話のあらすじを知ると情熱的で活発な少女の印象だけど、
この絵では目元がぞくっとするほど色っぽい…!
嵐山の福田美術館で観た「美人のすべて」展での山川秀峰「振袖物語」と双璧をなす?!
冒頭の「一葉女史の墓」を思い出させる雰囲気の「桜花美人」、
好き好き~。
絵葉書の販売がなく残念だったけど
「西洋骨牌(トランプ)」はトランプの札を背景にしたアール・デコの女性の表紙絵。
耳隠しに着物姿のモダンな和洋折衷の小粋な意匠で、黒が良く効いて現代でもそのまんま使えそうな。
「春の愁い」は満開の桜の下殉教した切支丹の遊女朝妻を描いたもの。
同じテーマで描かれた松本華羊「殉教(伴天連お春)」の展示もあり、
手鎖で筵に座し桜を見上げる様は鉄板の題材で、どちらが好きかとか選べない~。
成園さんだけでなく今回の展示ではちらほらと清方の影響や雰囲気を感じられる画が。
顕著なのが吉岡美枝の「樋口一葉」
色も構図もやってることも違うのだけど凛とした佇まいなんかが
一見して一葉!という印象。
「をんごく」はじめ他にも気になったりお好みの絵はあったものの
やっぱりメインは成園さんで、
所々で本人の写真や自身を描いたといわれている「無題」や「自画像」を見ることに。
伝わってくるのは持て余さんばかりのほとばしる情熱、烈しさや意思の強さ。
古典に題材を求める古風な日本画家というイメージとは異なり
あ、こんなタイプの顔つきの芸能人見たことあるようなという現代女性にも見受けられそうな容貌。

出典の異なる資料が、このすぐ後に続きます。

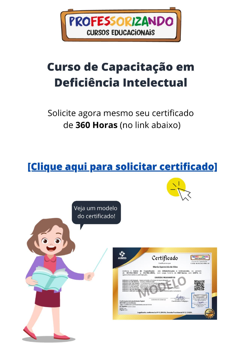 https://pay.hotmart.com/T39359752O?off=o7re857j&checkoutMode=10 Sumário 1 Entendendo a Deficiência Intelectual .............................................................. 5 1.2 Histórico da Deficiência Intelectual ........................................................... 7 1.3 Deficiência Intelectual No Brasil .............................................................. 12 2 Deficiência Intelectual: Suas Causas e Sintomas ......................................... 17 2.1 Graus da Deficiência Intelectual.............................................................. 21 2.3 Recursos Terapêuticos Para a Deficiência Intelectual ............................ 24 2.3 Prevenção ............................................................................................... 26 3 Síndromes Que Cursam Com A Deficiência Intelectual ................................ 28 3.1 Autismo ................................................................................................... 28 3.2 SÍNDROME ALCOÓLICA-FETAL (SAF) OU TRANSTORNOS DO ESPECTRO ALCOÓLICO FETAL ................................................................ 28 3.3 ERROS INATOS DO METABOLISMO (EIM) .......................................... 29 3.4 SÍNDROME DO X FRÁGIL (SXF) 15,16,20 ............................................ 30 3.5 Síndrome de Down ................................................................................. 31 3.6 Síndrome de Anlgeman .......................................................................... 32 3.7 Síndrome de Cri du chat ......................................................................... 32 3.8 Síndrome de Prader-Willi ........................................................................ 32 3.9 Síndrome Williams .................................................................................. 32 4 A Deficiência Intelectual Nas Escolas ........................................................... 33 4.1 A Comunicação Alternativa na Deficiência Intelectual ............................ 34 4.2 O Papel do Professor com o Aluno Deficiente Intelectual ....................... 35 5 Atividades para alunos com deficiência intelectual ....................................... 38 Referências Bibliográficas ................................................................................ 45 Anexo I - A escolarização de alunos com deficiência intelectual: uma análise da aplicação do Plano de Desenvolvimento Educacional Individualizado (1) ....... 47 Resumo ......................................................................................................... 47 Introdução ..................................................................................................... 49 Deficiência intelectual: dimensões sobre a sua escolarização ...................... 52 Considerações Finais .................................................................................... 57 Referências ................................................................................................... 59 1 Entendendo a Deficiência Intelectual A inteligência do ser humano é a capacidade que temos de agir intencionalmente afim de resolver problemas simples ou complexos, e que essas ações gerem aprendizado contínuo. O funcionamento intelectual é resultado de um intrincado mecanismo de conexões neuronais, que se sobrepõe hierarquicamente, funcionando de modo síncrono. O desequilíbrio desse delicado sistema ocasionará um mau funcionamento com consequente perdas de funções intelectuais. Pessoas com deficiência intelectual (DI) são vítimas de preconceito da sociedade. Dentre as pessoas com necessidades especiais, são as que têm menos oportunidades de emprego, e muitas vezes são apenas considerados preguiçosos ou malandros. Estudos indicam que de 2%-4% da população tenha funcionamento intelectual abaixo da média. O Transtorno do Desenvolvimento Intelectual ou Deficiência Intelectual já foi conhecida por outras denominações, como por exemplo, idiotia e retardo mental. Essas habilidades estão ligadas à inteligência, atividades que envolvem raciocínio, resolução de problemas e planejamento, entre outras. A inteligência é avaliada por meio do Quociente de Inteligência (QI) obtido por testes padronizados. O resultado de uma pessoa com Transtorno de Desenvolvimento Intelectual nessa avaliação situa-se em 75 ou menos. A principal característica da deficiência intelectual são as limitações no funcionamento mental, que causam aprendizagem e desenvolvimento mais lentos. https://www.focoeducacaoprofissional.com.br/blog/curso-online-deficiencias-multiplas https://www.focoeducacaoprofissional.com.br/blog/curso-online-deficiencias-multiplas https://www.focoeducacaoprofissional.com.br/blog/curso-online-deficiencias-multiplas Deficiência intelectual é uma menor capacidade de compreender, aprender e aplicar informações e tarefas novas ou complexas. Pessoas com deficiência intelectual têm um funcionamento mental abaixo da média esperada para a idade, o que provoca um atraso na aprendizagem e no desenvolvimento desses indivíduos. Em geral, a criança tem mais dificuldade para interpretar conteúdos abstratos, o que exige estratégias diferenciadas por parte do professor Pessoas com deficiência intelectual ou cognitiva costumam apresentar dificuldades para resolver problemas, compreender ideias abstratas (como as metáforas, a noção de tempo e os valores monetários), estabelecer relações sociais, compreender e obedecer a regras, e realizar atividades cotidianas - como, por exemplo, as ações de autocuidado. A capacidade de argumentação desses alunos também pode ser afetada e precisa ser devidamente estimulada para facilitar o processo de inclusão e fazer com que a pessoa adquira independência em suas relações com o mundo. O retardo mental, denominado mais recentemente como deficiência intelectual (DI), é um transtorno neurológico comum na in

特に「自画像」からは先端を行くデザインや作詞、歌唱を兼ねる
主張する尖った女性アーティストのような印象も。
恒富師匠に関する解説が少なく女性画家との関わりを中心としていたのが
いつもとは異なる点だったでしょうか。
「三都三園」のなかでは
松園が陶磁のお人形のような尊く美しい女性のイメージなのに対し
蕉園は大和絵的なぽわんとした温かみのあるお嬢さん、
成園はぽわん系も多いものの時には仇っぽかったり挑戦的だったり。
今回の展示で特性が一層クローズアップされたような。
絵画の…というより、存在した生身の女性としての個性、リアル感が強く伝わり、
成園さんに少し近づけたような気がしたのでした。